How long have you been playing?
My mom started me on piano around the time I was in kindergarten – which would be around 1957. I took lessons until about the time I was in high school. I was playing in a band at that time and we needed a sax player. My cousin had a saxophone which I borrowed one day and learned how to play a few notes. I took the sax to the next gig and soon became the sax player for the band. I’ve never had a sax lesson, but I was – and still am – heavily influenced by funk sax players and bands such as Lenny Pickett, Tom Scott, Michael Brecker, Maceo Parker, Earth, Wind and Fire, Tower of Power, and of course, James Brown. My keyboard playing was put on the back burner until the 1980’s when I picked it up again to play keys in Finest Hour, an Omaha band.
Why did you first start playing?
My family is very musically oriented, so I started playing piano about the time I went to kindergarten because it was just something you did. My first experience with a rock band came when some guys at my Jr High found out I played piano and asked me to be in their band. I think my parents probably regret giving me permission to do that!
At my Jr. High it seemed like being in a garage band was pretty common. I never did play with the guys that asked me to join their band, but I did find some other guys at my school that were putting something together. One of those guys was named John Ballew. I played my first gig – a Halloween kids party – with John. We were paid one dozen doughnuts. But, my music career did eventually take off, and now I make hundreds of dollars a year.
I’ve know the guys in The Wheezetones – except for Keith – for over 40 years and they are great friends. When they asked me to join, I was very honored.
What bands have you played with?
In Jr High and HS I played with a band called The Tyrants, which eventually became The 6-Pack.
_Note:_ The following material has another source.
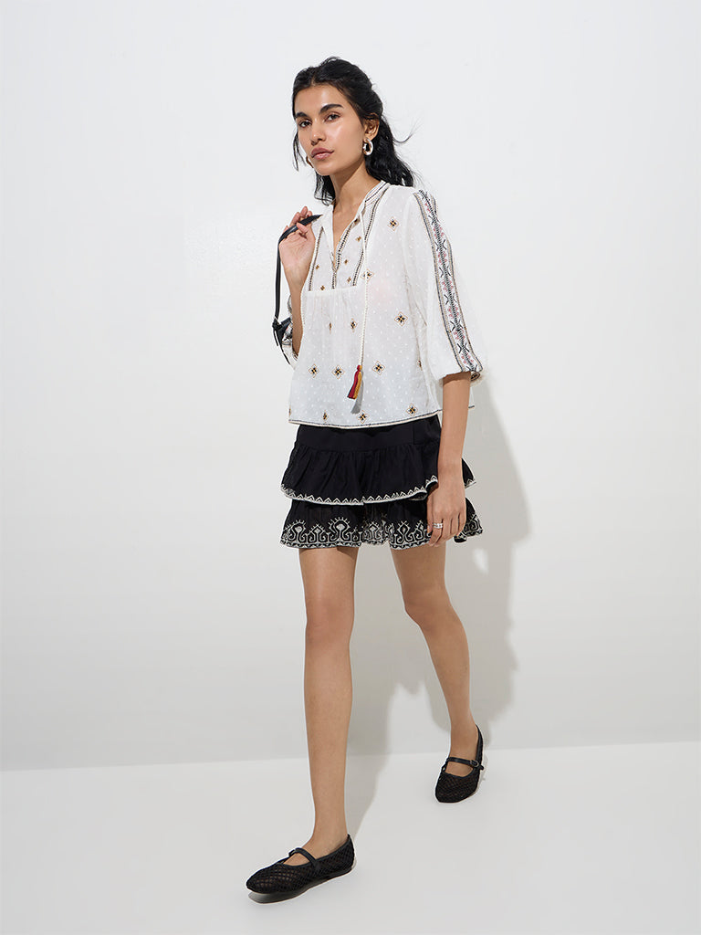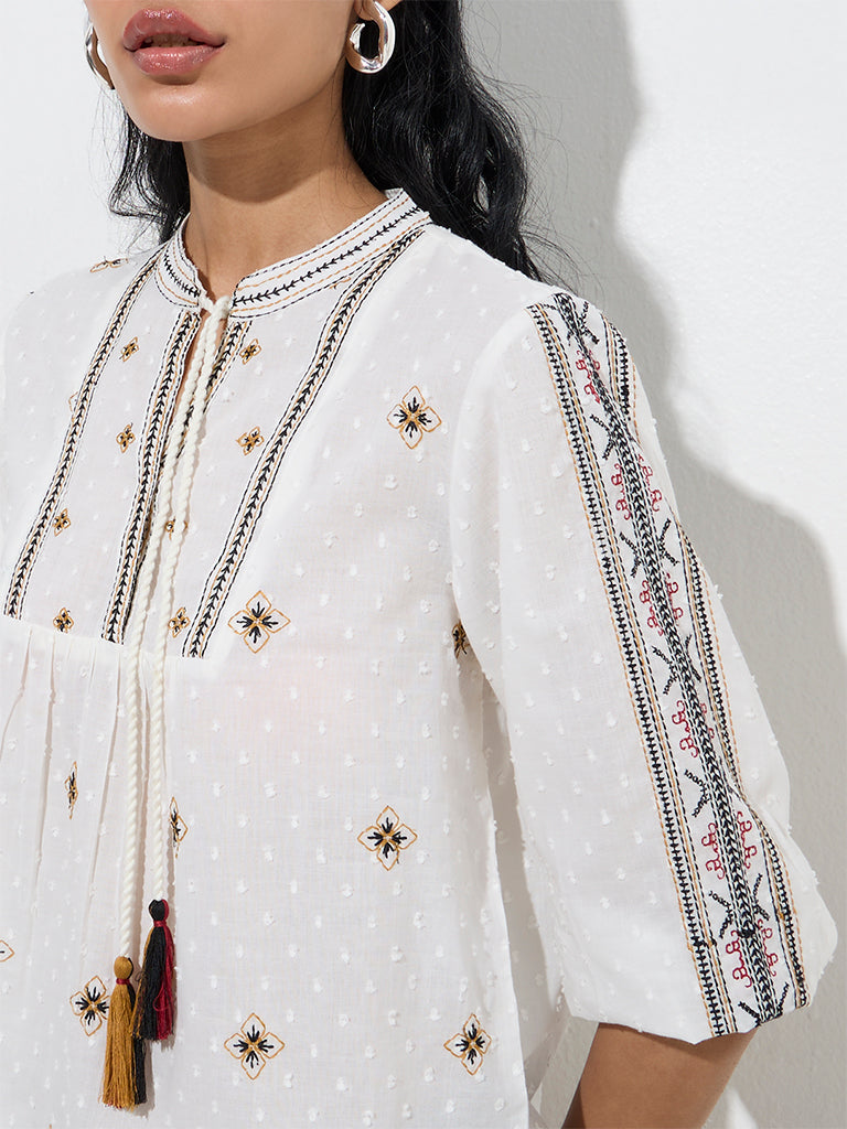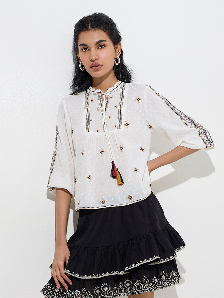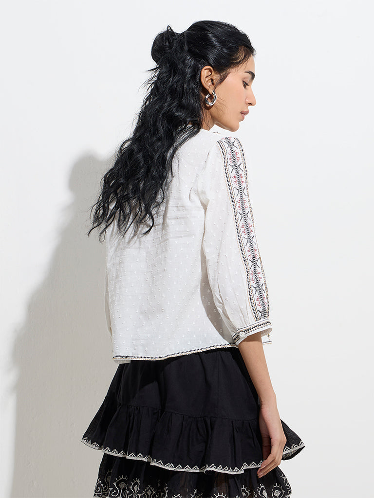 Bombay Paisley presents this white cotton top. featuring a charming Swiss dot design with intricate embroidery. Styled with a knot-detailed band collar and full sleeves. it blends elegance with a touch of vintage charm.

John Ballew was also a member. Other funk/rock bands include The Collections, The Chancellors, Doctor Feelgood, Steele Avenue, Skyliner, Timberwolf, Pinky Black and the Excessives, Bossphilly, Third World, Tuna Fish Jones, Finest Hour, One More Time, Mr. Peabody, Version 3, and Soul Dawg. I play in the Creation praise band at St. Mark’s church with Doug. My brother and I at one time had a wedding band we called The Larson Brothers and which became Shirley’s Boys – named for my mom. I also played sax with a jazz group called Orion. When they ended the draft in 1973, I dropped out of college and toured with Doctor Feelgood. We opened for quite a few national acts such as Badfinger, The Ohio Express, The Ides of March, and REO Speedwagon.
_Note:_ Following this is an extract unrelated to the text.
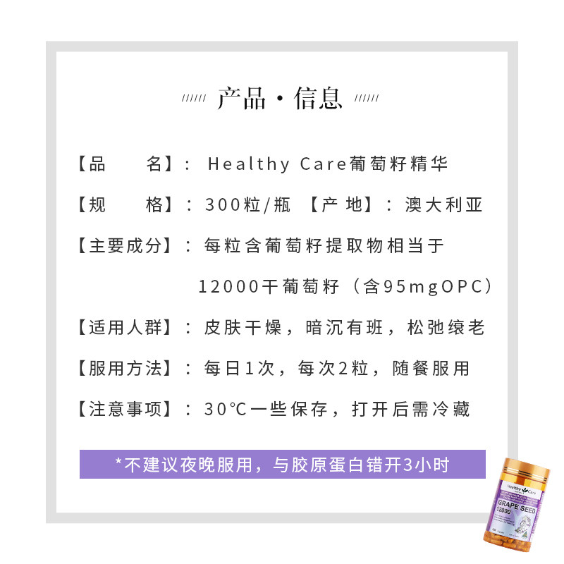 澳洲Healthy Care葡萄籽粉原花青素精华胶囊HC维C12000mg300粒

As a sax player I’ve had opportunities to work with Brandford Marsalis, The Russ Morgan Orchestra, The Al Pierson Orchestra, Lawrence Welk Orchestra, Red Skelton, Liberace, Jay McShann, Nebraska Jazz Orchestra, Bobby Layne, Lincoln Municipal Band, and The Dennis Wesley Orchestra. I’ve also done some studio work playing on TV and radio commercials.
What is your best gig horror story- remembering of course, that it’s family friendly.
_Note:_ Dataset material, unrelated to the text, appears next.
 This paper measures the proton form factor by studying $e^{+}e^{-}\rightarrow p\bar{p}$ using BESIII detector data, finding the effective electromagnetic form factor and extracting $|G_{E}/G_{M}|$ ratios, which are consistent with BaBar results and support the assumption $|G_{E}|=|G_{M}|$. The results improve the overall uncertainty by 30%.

My gigging experiences are probably a combination of the movies The Blues Brothers, and This Is Spinal Tap. I can remember having our power shut off in the 1960s when we tried to play “Louie Louie” because of the “bad language!” There was one experience I won’t forget. My band (The Collections) had played a gig in Rockport, Missouri for the annual fireman’s ball. I don’t think they expected a 8 piece funk band, and we were soon dodging beer bottles. Out of safety concerns, we cut the night short and tried to find a place to stay at a local motel. The owner came out, took a look at us, and said, “we don’t let yo kind stay hear.”
Of course, after playing for several years with John Ballew, I’ve got PLENTY of stories about Ballew – like the time he almost got beat up when we played “I Think We’re Alone Now.”
Sons of Champlin @ Downtowner Motor Inn, 1969. I had bought the Loosen Up Naturally album. Bill Champlin was amazing.
Frank Zappa @ Pershing, 1972. Steeley Dan was the opening act. We didn’t know who Steeley Dan was before the concert. We did afterwards.
Tower of Power @ Omaha Civic Auditorium Music Hall, 1973. Lenny Pickett was a young 22-year-old. Horn section included Steve “Funky Doctor” Kupka, Emilio Castillo, Mic Gillette and Greg Adams, and rhythm section included David Garibaldi (drums) and “Rocco” Prestia (bass).
Earth, Wind, and Fire with Michael McDonald @ Council Bluffs Mid-American Center, 2008. Went to hear Earth, Wind, and Fire and was blown away by McDonald’s sax player, Vince Denham.
What gear are you using?
Saxophones: I am lucky to have three vintage Selmer (Paris) Mark VI saxophones – an alto, a tenor, and a baritone. The alto and tenor are silver-plated. The baritone has a low-A key. I use fibra cell synthetic reeds and use a Samson Airline wireless mic for my horns.
Keyboard: For my keyboard set up, I use a Nord Stage 88 with a Behringer K3000FX amp.